Problem to solve: With the pictures left out, print exactly the lines below that run from the one containing "2025 봄 여름 실크" through the one containing "Мобильная студия Мэдисон&Co".

Entries shown:
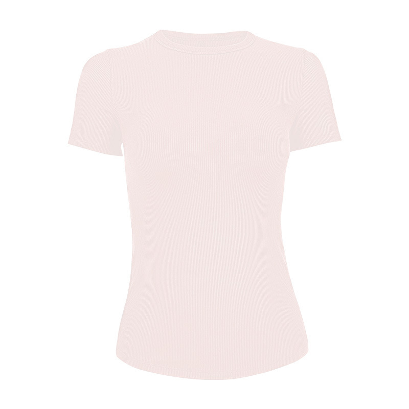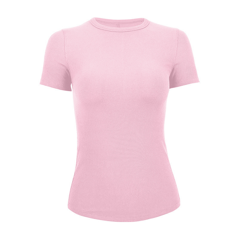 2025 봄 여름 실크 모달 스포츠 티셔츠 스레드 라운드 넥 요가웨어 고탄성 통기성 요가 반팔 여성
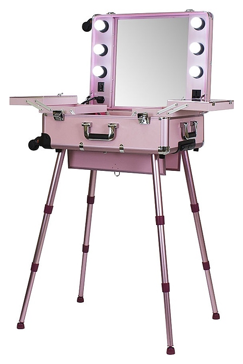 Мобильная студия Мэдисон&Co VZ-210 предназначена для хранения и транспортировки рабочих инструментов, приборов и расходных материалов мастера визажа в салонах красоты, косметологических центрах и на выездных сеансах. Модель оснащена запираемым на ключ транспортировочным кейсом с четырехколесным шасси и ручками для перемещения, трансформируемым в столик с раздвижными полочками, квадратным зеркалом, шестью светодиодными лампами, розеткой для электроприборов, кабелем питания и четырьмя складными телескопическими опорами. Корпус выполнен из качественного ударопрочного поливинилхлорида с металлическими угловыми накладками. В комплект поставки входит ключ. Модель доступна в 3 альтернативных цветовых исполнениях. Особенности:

---

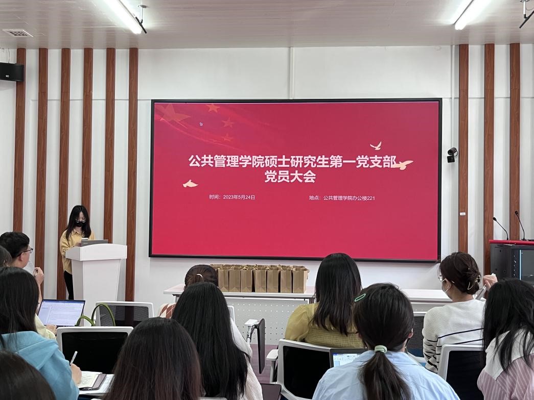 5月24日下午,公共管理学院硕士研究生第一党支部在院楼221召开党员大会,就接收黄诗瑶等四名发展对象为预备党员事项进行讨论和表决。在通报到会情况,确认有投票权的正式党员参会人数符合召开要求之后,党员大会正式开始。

Written response:
 2025 봄 여름 실크 모달 스포츠 티셔츠 스레드 라운드 넥 요가웨어 고탄성 통기성 요가 반팔 여성
 Мобильная студия Мэдисон&Co VZ-210 предназначена для хранения и транспортировки рабочих инструментов, приборов и расходных материалов мастера визажа в салонах красоты, косметологических центрах и на выездных сеансах. Модель оснащена запираемым на ключ транспортировочным кейсом с четырехколесным шасси и ручками для перемещения, трансформируемым в столик с раздвижными полочками, квадратным зеркалом, шестью светодиодными лампами, розеткой для электроприборов, кабелем питания и четырьмя складными телескопическими опорами. Корпус выполнен из качественного ударопрочного поливинилхлорида с металлическими угловыми накладками. В комплект поставки входит ключ. Модель доступна в 3 альтернативных цветовых исполнениях. Особенности:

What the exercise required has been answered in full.